Fig. 1 shows schematically and exemplarily an embodiment of an embolization system 1 for performing an embolization procedure, here, a radioembolization procedure, during which an insertion element 11 is to be inserted into a living being 8, which, in this example, is a person, in order to release an embolization agent for treating a target region 9 within the person 8, here, a tumor in the liver 30 of the person 8. In this embodiment, the insertion element 11 is a catheter that is to be inserted into the person 8 lying on a support means 10, such as a table or the like, through a blood vessel tree of the person 8. A user, like a physician, can navigate the catheter 11 within the person 8 by using a handling unit 16. The handling unit 16 may allow the user to directly manipulate the catheter 11 or to manipulate the catheter 11 via a joystick, a graphical user interface or another means.

To provide some background, Fig. 2 shows schematically and exemplarily the blood supply of the liver 30 of the person 8. As can be seen, the liver 30 receives oxygen-rich blood through the hepatic artery 31 and nutrient-rich blood through the hepatic portal vein 32, which is supplied from the capillaries 33 of the digestive tract. In the liver 30, the supplied blood from the hepatic artery 31 and the hepatic portal vein 32 passes through the capillaries 34 of the liver 30, from where it leaves the liver 30 through the hepatic vein 35 to return to the inferior vena cava 36. It is known that the liver 30 receives 30% of its blood supply from the hepatic artery 31 and that the remaining 70% of the liver's blood supply are derived from the hepatic portal vein 32, whereas tumors in the liver 30 receive their blood supply predominantly from the hepatic artery 31 , the blood of which is more oxygen-rich. In radioembolization of tumors in the liver 30, this difference in the blood supply between the normal liver tissue and tumorous tissue is used to target the embolization agent; by releasing the embolization agent in the hepatic artery 31 , the embolization agent will be mainly distributed in the smaller blood vessels around the tumor.

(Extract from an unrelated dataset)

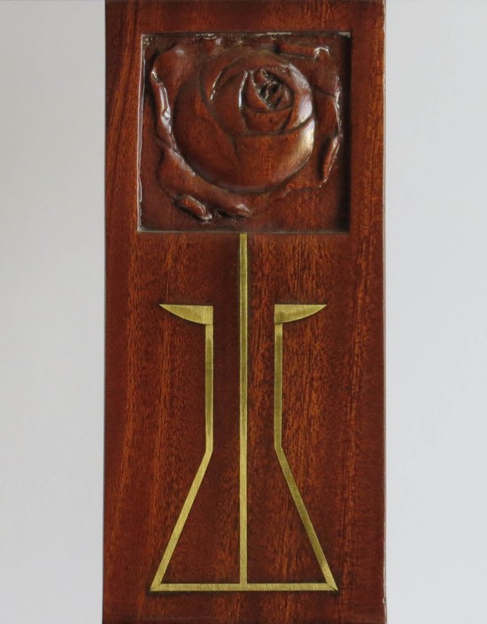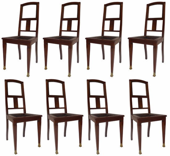 An important Belgian art nouveau dining set attributed to Henry Van De Velde (1863-1957). The set consists of a dining table with three leaves, eight chairs, a buffet and a sideboard. This magnificently crafted solid mahogany set features hand carved roses on drawers, doors, chair back plates, and the table apron. Vertical brass stringing and inlaid mother of pearl details all add a unified sense of rich elegance. There are bronze kickplates on the buffet and server and bronze sabots on the table and the front legs of the chairs. The table is 43” wide by 53 1/2” long (91 1/2” long with the three leaves) and 30” high. The buffet is 79” long, 23 1.2” deep and 43” high and the server is 55” long 21” deep and 471/2” high. The set has been professionally restored and is in impeccable condition and only awaits your choice of fabric for the chairs.

With returning reference to Fig. 1, the embolization system 1 comprises a support apparatus 2 for supporting the user in performing the embolization procedure. The support apparatus 2 comprises a position tracking unit 17 for tracking the position of the catheter 11 within the person 8. In this embodiment, the position tracking unit 17 is adapted to track the position of the catheter 11 by using optical shape sensing. Thus, the catheter 11 comprises one or more optical fibers (not shown in the figures) that are adapted to allow the position tracking unit 17 to determine the position of the catheter 11 within the person 8 by using optical shape sensing. The optical shape sensing may be performed in accordance with the description in US 7,772,541 B2, or in accordance with another known optical shape sensing technique.

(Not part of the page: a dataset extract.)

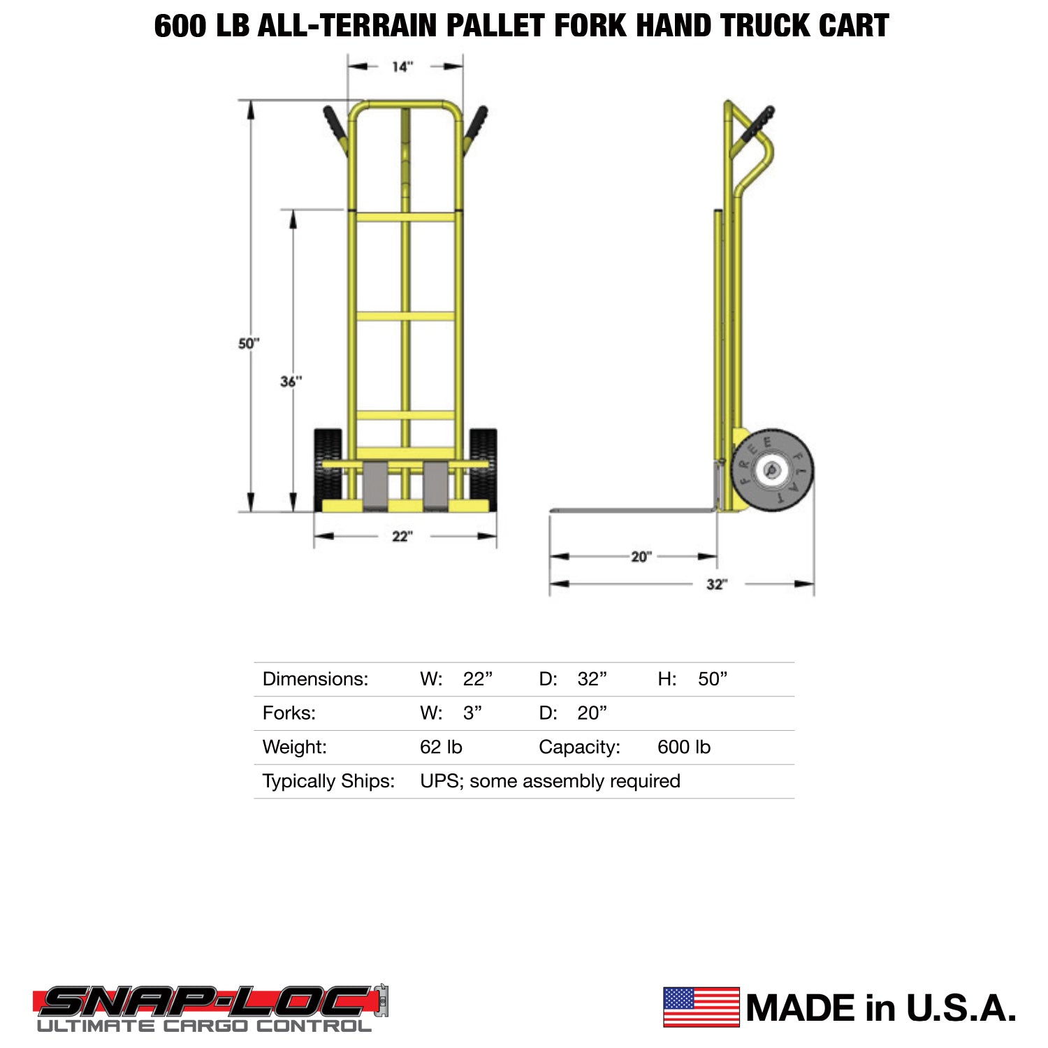 - SPECIFICATIONS: Easily handles 600 lb capacity on 2 wheels. Assembled upright 22x32x50 in height. 62 lbs. Snap-Loc tie-down straps sold separately.

The support apparatus 2 further comprises a pressure determining unit 18 for determining the local blood pressure at the catheter 11 within the person 8. In this

embodiment, the pressure determining unit 18 is adapted to determine the local blood pressure at the catheter 11 by using optical pressure sensing. Thus, the one or more optical fibers comprised by the catheter 11 are further adapted to allow the pressure determining unit 17 to determine the local blood pressure at the catheter 11 within the person 8 by using optical pressure sensing. The optical pressure sensing may be performed in accordance with the description in Pinet E., Pham A., and Rioux S., "Miniature fiber optic pressure sensor for medical applications: An opportunity for intra-aortic balloon pumping (IABP) therapy", in Proceedings of 17^th International Conference on Optical Fibre Sensors, Bruges, Belgium, 2005, or in accordance with another known optical pressure sensing technique.

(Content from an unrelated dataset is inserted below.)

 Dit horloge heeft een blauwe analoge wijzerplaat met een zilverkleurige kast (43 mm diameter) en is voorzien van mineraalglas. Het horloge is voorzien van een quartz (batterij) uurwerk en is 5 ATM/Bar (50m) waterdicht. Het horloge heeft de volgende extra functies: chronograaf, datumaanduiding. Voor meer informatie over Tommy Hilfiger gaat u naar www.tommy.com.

In this embodiment, the catheter 11 has a tip and an elongated body to be inserted into the person 8, wherein the catheter 11 is adapted to release the embolization agent from its tip. The position tracking unit 17 is adapted to track at least the position of the tip of the catheter 11 within the person 8 and the pressure determining unit 18 is adapted to determine the local blood pressure at the tip of the catheter 11 within the person 8.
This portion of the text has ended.